> [Source data]
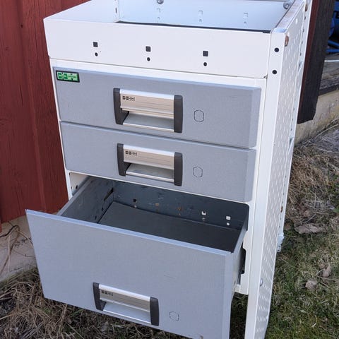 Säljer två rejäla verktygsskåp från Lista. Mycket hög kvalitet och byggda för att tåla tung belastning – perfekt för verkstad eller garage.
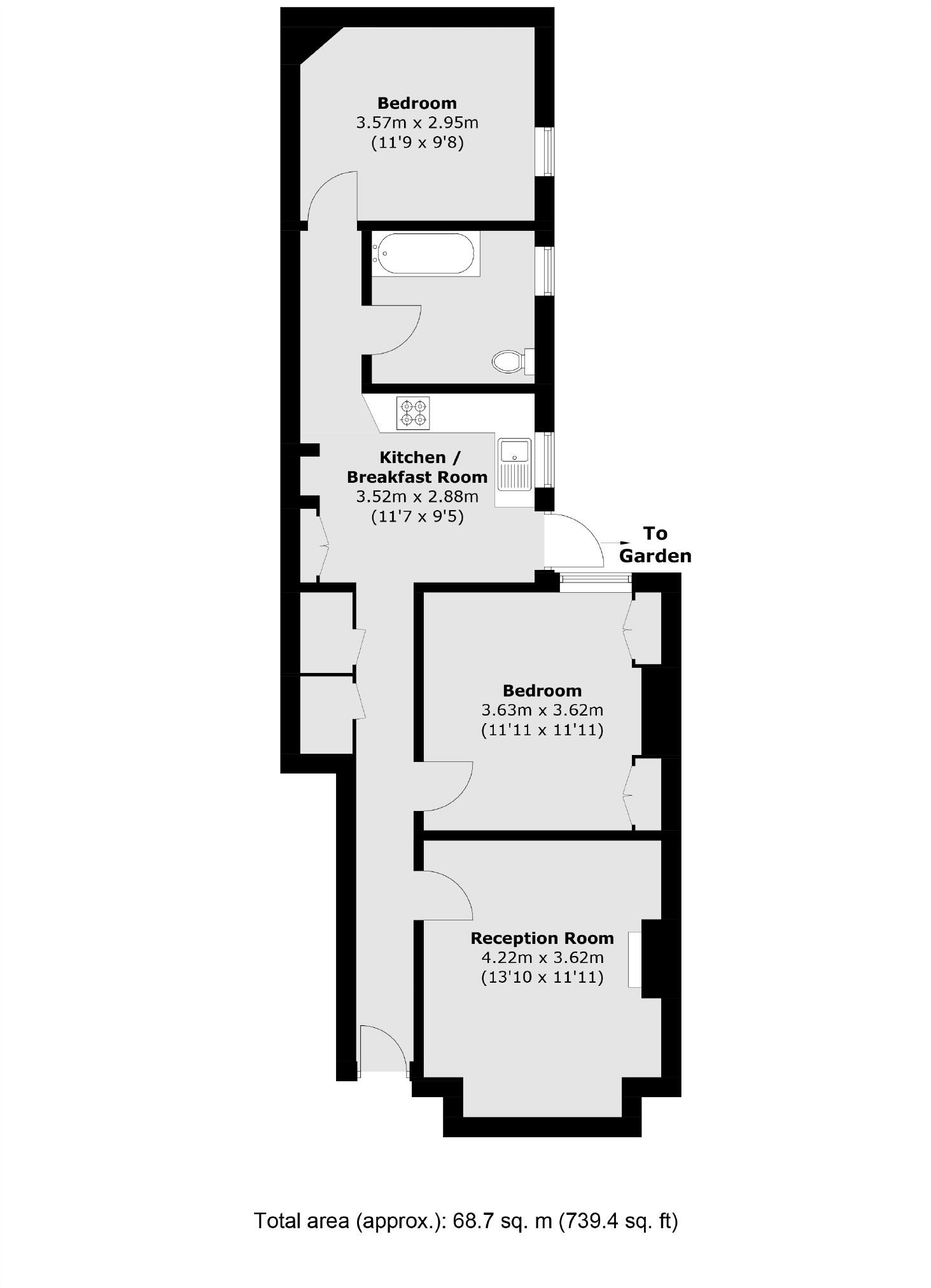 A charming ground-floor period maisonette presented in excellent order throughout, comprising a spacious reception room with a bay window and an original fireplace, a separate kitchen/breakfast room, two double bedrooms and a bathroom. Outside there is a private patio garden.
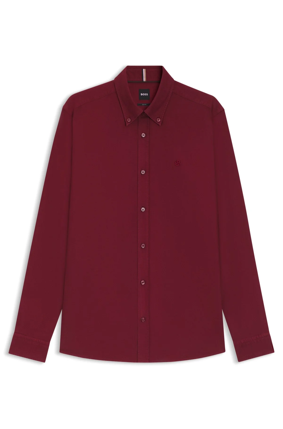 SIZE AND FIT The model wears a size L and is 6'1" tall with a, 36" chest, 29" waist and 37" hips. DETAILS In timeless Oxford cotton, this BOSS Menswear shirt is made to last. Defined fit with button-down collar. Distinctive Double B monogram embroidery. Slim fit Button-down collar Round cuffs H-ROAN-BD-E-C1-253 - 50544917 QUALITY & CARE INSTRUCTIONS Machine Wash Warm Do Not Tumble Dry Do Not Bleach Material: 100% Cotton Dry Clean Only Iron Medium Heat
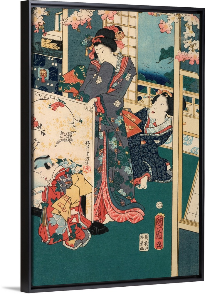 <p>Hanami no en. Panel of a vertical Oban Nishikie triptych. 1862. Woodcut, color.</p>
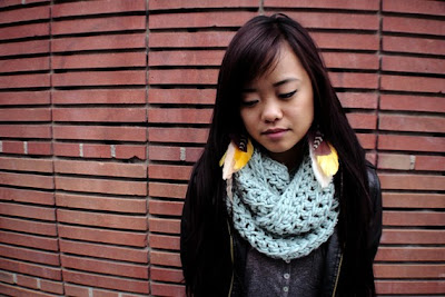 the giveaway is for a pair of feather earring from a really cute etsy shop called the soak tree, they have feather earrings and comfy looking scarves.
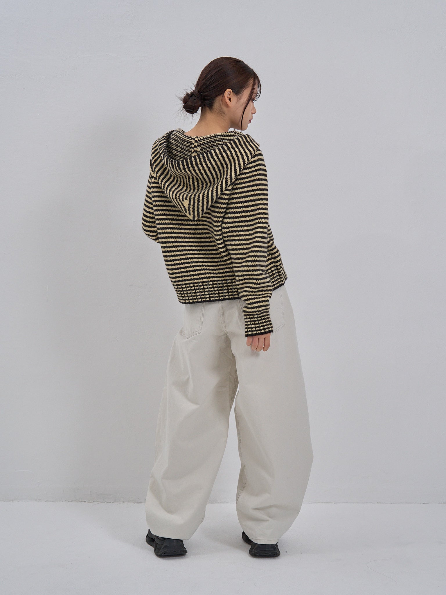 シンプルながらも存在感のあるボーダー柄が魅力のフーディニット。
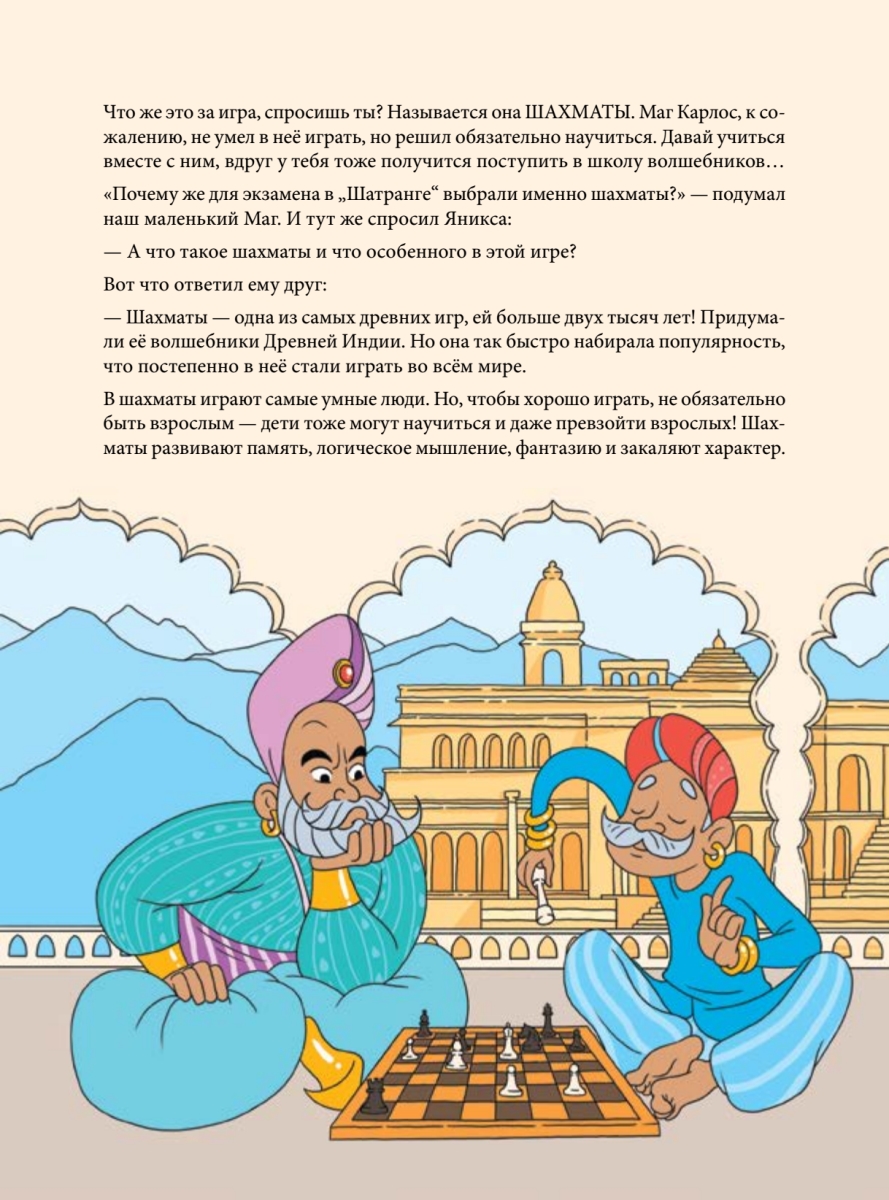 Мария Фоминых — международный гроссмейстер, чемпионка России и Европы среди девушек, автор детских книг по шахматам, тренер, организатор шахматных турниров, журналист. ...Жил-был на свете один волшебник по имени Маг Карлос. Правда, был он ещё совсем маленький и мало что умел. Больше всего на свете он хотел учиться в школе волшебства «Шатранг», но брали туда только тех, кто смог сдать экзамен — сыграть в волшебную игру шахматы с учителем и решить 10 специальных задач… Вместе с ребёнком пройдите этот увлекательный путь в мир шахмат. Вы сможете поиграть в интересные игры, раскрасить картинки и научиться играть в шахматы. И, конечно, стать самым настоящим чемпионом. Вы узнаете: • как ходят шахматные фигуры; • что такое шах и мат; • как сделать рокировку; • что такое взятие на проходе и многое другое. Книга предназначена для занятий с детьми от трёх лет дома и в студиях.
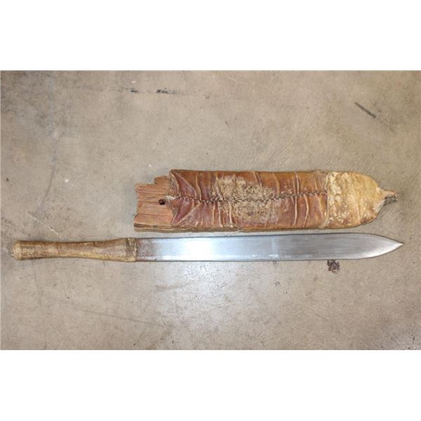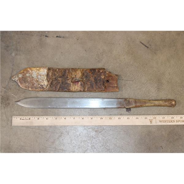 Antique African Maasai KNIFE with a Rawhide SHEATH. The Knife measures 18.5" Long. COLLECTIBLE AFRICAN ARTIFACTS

> [What to do] Apart from the pictures, set down all the entries above exactly.

> [Completed task]
 Säljer två rejäla verktygsskåp från Lista. Mycket hög kvalitet och byggda för att tåla tung belastning – perfekt för verkstad eller garage.
 A charming ground-floor period maisonette presented in excellent order throughout, comprising a spacious reception room with a bay window and an original fireplace, a separate kitchen/breakfast room, two double bedrooms and a bathroom. Outside there is a private patio garden.
 SIZE AND FIT The model wears a size L and is 6'1" tall with a, 36" chest, 29" waist and 37" hips. DETAILS In timeless Oxford cotton, this BOSS Menswear shirt is made to last. Defined fit with button-down collar. Distinctive Double B monogram embroidery. Slim fit Button-down collar Round cuffs H-ROAN-BD-E-C1-253 - 50544917 QUALITY & CARE INSTRUCTIONS Machine Wash Warm Do Not Tumble Dry Do Not Bleach Material: 100% Cotton Dry Clean Only Iron Medium Heat
 <p>Hanami no en. Panel of a vertical Oban Nishikie triptych. 1862. Woodcut, color.</p>
 the giveaway is for a pair of feather earring from a really cute etsy shop called the soak tree, they have feather earrings and comfy looking scarves.
 シンプルながらも存在感のあるボーダー柄が魅力のフーディニット。
 Мария Фоминых — международный гроссмейстер, чемпионка России и Европы среди девушек, автор детских книг по шахматам, тренер, организатор шахматных турниров, журналист. ...Жил-был на свете один волшебник по имени Маг Карлос. Правда, был он ещё совсем маленький и мало что умел. Больше всего на свете он хотел учиться в школе волшебства «Шатранг», но брали туда только тех, кто смог сдать экзамен — сыграть в волшебную игру шахматы с учителем и решить 10 специальных задач… Вместе с ребёнком пройдите этот увлекательный путь в мир шахмат. Вы сможете поиграть в интересные игры, раскрасить картинки и научиться играть в шахматы. И, конечно, стать самым настоящим чемпионом. Вы узнаете: • как ходят шахматные фигуры; • что такое шах и мат; • как сделать рокировку; • что такое взятие на проходе и многое другое. Книга предназначена для занятий с детьми от трёх лет дома и в студиях.
 Antique African Maasai KNIFE with a Rawhide SHEATH. The Knife measures 18.5" Long. COLLECTIBLE AFRICAN ARTIFACTS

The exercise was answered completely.